# 160,000 sq. ft. lot



## E.L.I.T.E.lawn (Jul 24, 2005)

I'm bidding on a church's parking lot that is 160,000 sq. ft. and i need to know what you guys will charge for something this size. We will be using two 8 1/2 foot plows.


----------



## Mick (May 19, 2001)

Why do you need to know what everyone else would charge, when it has nothing to do with what you would charge in your area?


----------



## Mark Oomkes (Dec 10, 2000)

Makes one wonder, doesn't it Mick. 

Personally, I'd charge $50K. 

What is your hourly rate? How long is it going to take to plow it? How many obstacles? Per Push? Per Season? What kind of service do they want? Only Sundays? Only opened up for office personnel during the week? Are you a member? I think you get the idea.

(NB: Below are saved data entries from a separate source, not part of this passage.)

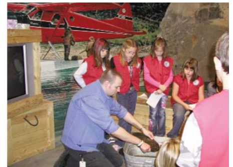
Figure 9. Panning for gold at a 'mineral exploration camp'.

Public Lectures are a free and regular feature at the GEO CENTRE, and those presented to commemorate the International Year of Planet Earth (IYPE) have been especially well attended (speakers have come from the St. John's geoscience community, the Geological Survey of Canada, and even internationally, e.g. Dr. Robert Ballard, scientist emeritus, Woods Hole Oceanographic Institute). The general public and students are also invited to a series of Special Events hosted by GEO throughout the year. These include Earth Day celebrations (featuring, for example, 'Stump a Geologist', 'Panning for Gold' (Fig. 9), and solar observations guided by members of the St. John's chapter of the Royal Astronomical Society of Canada); a bridge-building competition sponsored by National Engineering and Geoscience Week; and 'Doors Open St. John's', an event during which the GEO CENTRE and other museums and institutions in the city offer a free exploration of exhibits and facilities. Finally, GEO renews interest in its mission and complements its permanent galleries by hosting Travelling Exhibits , mostly during the off season. These are displayed in the Celestial Gallery, new space developed at the entry level and leading off the main entrance. Some of these temporary exhibits have enjoyed corporate sponsorship and helped generate valuable media interest. Exhibits hosted to date include: Dinosaurs and Company, From Crystals to Gems, and Arctic Adventure.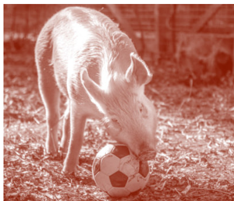
Willow Mia our Yorkshire nearly one year old pig.

Along Interstate 495 in Bolton, MA, a piglet was seen grazing along side the highway. She was rescued by police and the Animal Rescue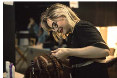
HITO apprentice working backstage at NZFW 2017.

To further leverage our presence at the event, HITO held a mini BarberCraft activation during the public-facing New Zealand Fashion Weekend, offering free cuts from Maloney's Barbers.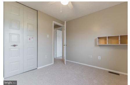
Bedroom # 3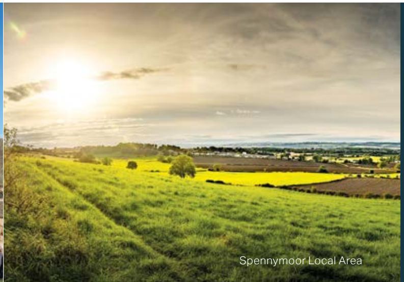
Spennymoor Local Area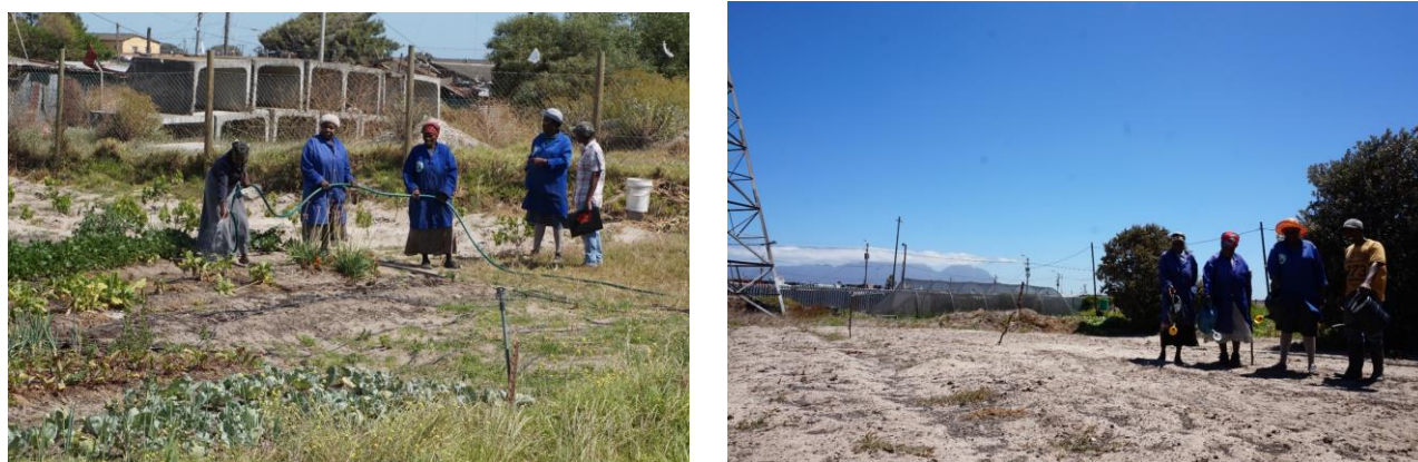
Figure 5: Fezeka Garden in Gugulethu in 2016 and 2018.

Although CSA differs from other agricultural development concepts by explicitly addressing climate change, it uses techniques and practices covered by other agricultural systems (i.e. Sustainable Land Management, Organic Agriculture etc.) - also on water wise production, as presented in the table on the next page:

PS Just kidding about the $50K


----------



## SnowGuy73 (Apr 7, 2003)

Mark Oomkes said:


> Makes one wonder, doesn't it Mick.
> 
> Personally, I'd charge $50K.
> 
> ...


----------



## T-MAN (Jan 9, 2001)

Watch it on the Churchs that only need Sundays full push. Last season we were in storm mode and the Church only got hit once Friday late night. Come back Sat afternoon and there was 8" more down and the fricken BoyScouts had something going on so they had the whole entrance bottle necked up with stuck cars and mini vans LOL. They were cool about it but I had no clue the service level needed to be upgraded. Just something to consider when your bidding and they say Sunday full service only. They also now have Bible study on week nights as well.
Todd


----------



## Vaughn Schultz (Nov 18, 2004)

E.L.I.T.E.lawn said:


> I'm bidding on a church's parking lot that is 160,000 sq. ft. and i need to know what you guys will charge for something this size. We will be using two 8 1/2 foot plows.


Give me the address with zip code and I will post a satellite picture for you. That will really help


----------